-------- EXTRACTED ENTRIES
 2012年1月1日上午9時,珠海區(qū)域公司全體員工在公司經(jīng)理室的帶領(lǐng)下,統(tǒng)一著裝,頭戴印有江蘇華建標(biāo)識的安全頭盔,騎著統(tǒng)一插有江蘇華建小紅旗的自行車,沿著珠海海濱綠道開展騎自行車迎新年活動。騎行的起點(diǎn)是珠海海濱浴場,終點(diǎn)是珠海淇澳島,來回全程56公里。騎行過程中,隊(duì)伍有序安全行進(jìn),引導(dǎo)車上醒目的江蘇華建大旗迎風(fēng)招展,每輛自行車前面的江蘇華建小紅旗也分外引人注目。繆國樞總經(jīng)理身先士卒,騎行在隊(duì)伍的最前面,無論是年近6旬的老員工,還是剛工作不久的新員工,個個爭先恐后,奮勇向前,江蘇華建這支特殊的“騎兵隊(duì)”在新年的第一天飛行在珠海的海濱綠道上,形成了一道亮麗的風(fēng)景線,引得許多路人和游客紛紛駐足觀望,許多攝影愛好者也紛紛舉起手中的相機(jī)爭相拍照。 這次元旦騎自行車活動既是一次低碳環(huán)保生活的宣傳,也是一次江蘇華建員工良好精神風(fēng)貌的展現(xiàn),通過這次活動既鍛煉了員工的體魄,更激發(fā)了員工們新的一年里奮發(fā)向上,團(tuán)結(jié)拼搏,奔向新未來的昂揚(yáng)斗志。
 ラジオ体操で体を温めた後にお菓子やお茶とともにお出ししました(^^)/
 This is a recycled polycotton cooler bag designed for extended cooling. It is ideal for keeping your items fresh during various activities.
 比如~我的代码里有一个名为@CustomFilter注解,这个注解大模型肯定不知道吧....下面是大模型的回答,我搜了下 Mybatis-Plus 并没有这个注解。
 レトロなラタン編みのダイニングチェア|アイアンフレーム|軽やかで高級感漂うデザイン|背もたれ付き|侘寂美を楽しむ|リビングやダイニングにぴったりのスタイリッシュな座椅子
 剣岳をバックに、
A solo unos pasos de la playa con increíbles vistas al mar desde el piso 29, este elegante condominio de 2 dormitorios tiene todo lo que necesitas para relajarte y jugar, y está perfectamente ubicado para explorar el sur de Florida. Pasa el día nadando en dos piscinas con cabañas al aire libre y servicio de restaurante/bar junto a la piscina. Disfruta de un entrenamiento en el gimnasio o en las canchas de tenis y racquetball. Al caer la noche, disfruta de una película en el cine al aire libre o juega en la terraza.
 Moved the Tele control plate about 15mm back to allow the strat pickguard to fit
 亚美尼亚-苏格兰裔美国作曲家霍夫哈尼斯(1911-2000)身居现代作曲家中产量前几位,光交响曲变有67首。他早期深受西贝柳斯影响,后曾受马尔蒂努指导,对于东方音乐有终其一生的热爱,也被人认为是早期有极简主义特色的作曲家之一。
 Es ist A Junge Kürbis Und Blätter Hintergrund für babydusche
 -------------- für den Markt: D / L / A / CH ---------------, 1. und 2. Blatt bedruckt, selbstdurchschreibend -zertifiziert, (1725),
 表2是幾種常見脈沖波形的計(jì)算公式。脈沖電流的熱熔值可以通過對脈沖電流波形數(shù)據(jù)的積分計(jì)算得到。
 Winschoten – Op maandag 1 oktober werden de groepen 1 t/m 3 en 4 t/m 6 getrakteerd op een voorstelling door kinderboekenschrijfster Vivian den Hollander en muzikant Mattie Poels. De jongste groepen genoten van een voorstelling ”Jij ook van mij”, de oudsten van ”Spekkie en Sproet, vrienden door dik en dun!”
----------------
### [ACTION ITEM]
Your answer must be the data above, copied exactly from its first line through the line containing "表2是幾種常見脈沖波形的計(jì)算公式", and nothing more.

### [SOLUTION TO THIS PROBLEM]
 2012年1月1日上午9時,珠海區(qū)域公司全體員工在公司經(jīng)理室的帶領(lǐng)下,統(tǒng)一著裝,頭戴印有江蘇華建標(biāo)識的安全頭盔,騎著統(tǒng)一插有江蘇華建小紅旗的自行車,沿著珠海海濱綠道開展騎自行車迎新年活動。騎行的起點(diǎn)是珠海海濱浴場,終點(diǎn)是珠海淇澳島,來回全程56公里。騎行過程中,隊(duì)伍有序安全行進(jìn),引導(dǎo)車上醒目的江蘇華建大旗迎風(fēng)招展,每輛自行車前面的江蘇華建小紅旗也分外引人注目。繆國樞總經(jīng)理身先士卒,騎行在隊(duì)伍的最前面,無論是年近6旬的老員工,還是剛工作不久的新員工,個個爭先恐后,奮勇向前,江蘇華建這支特殊的“騎兵隊(duì)”在新年的第一天飛行在珠海的海濱綠道上,形成了一道亮麗的風(fēng)景線,引得許多路人和游客紛紛駐足觀望,許多攝影愛好者也紛紛舉起手中的相機(jī)爭相拍照。 這次元旦騎自行車活動既是一次低碳環(huán)保生活的宣傳,也是一次江蘇華建員工良好精神風(fēng)貌的展現(xiàn),通過這次活動既鍛煉了員工的體魄,更激發(fā)了員工們新的一年里奮發(fā)向上,團(tuán)結(jié)拼搏,奔向新未來的昂揚(yáng)斗志。
 ラジオ体操で体を温めた後にお菓子やお茶とともにお出ししました(^^)/
 This is a recycled polycotton cooler bag designed for extended cooling. It is ideal for keeping your items fresh during various activities.
 比如~我的代码里有一个名为@CustomFilter注解,这个注解大模型肯定不知道吧....下面是大模型的回答,我搜了下 Mybatis-Plus 并没有这个注解。
 レトロなラタン編みのダイニングチェア|アイアンフレーム|軽やかで高級感漂うデザイン|背もたれ付き|侘寂美を楽しむ|リビングやダイニングにぴったりのスタイリッシュな座椅子
 剣岳をバックに、
A solo unos pasos de la playa con increíbles vistas al mar desde el piso 29, este elegante condominio de 2 dormitorios tiene todo lo que necesitas para relajarte y jugar, y está perfectamente ubicado para explorar el sur de Florida. Pasa el día nadando en dos piscinas con cabañas al aire libre y servicio de restaurante/bar junto a la piscina. Disfruta de un entrenamiento en el gimnasio o en las canchas de tenis y racquetball. Al caer la noche, disfruta de una película en el cine al aire libre o juega en la terraza.
 Moved the Tele control plate about 15mm back to allow the strat pickguard to fit
 亚美尼亚-苏格兰裔美国作曲家霍夫哈尼斯(1911-2000)身居现代作曲家中产量前几位,光交响曲变有67首。他早期深受西贝柳斯影响,后曾受马尔蒂努指导,对于东方音乐有终其一生的热爱,也被人认为是早期有极简主义特色的作曲家之一。
 Es ist A Junge Kürbis Und Blätter Hintergrund für babydusche
 -------------- für den Markt: D / L / A / CH ---------------, 1. und 2. Blatt bedruckt, selbstdurchschreibend -zertifiziert, (1725),
 表2是幾種常見脈沖波形的計(jì)算公式。脈沖電流的熱熔值可以通過對脈沖電流波形數(shù)據(jù)的積分計(jì)算得到。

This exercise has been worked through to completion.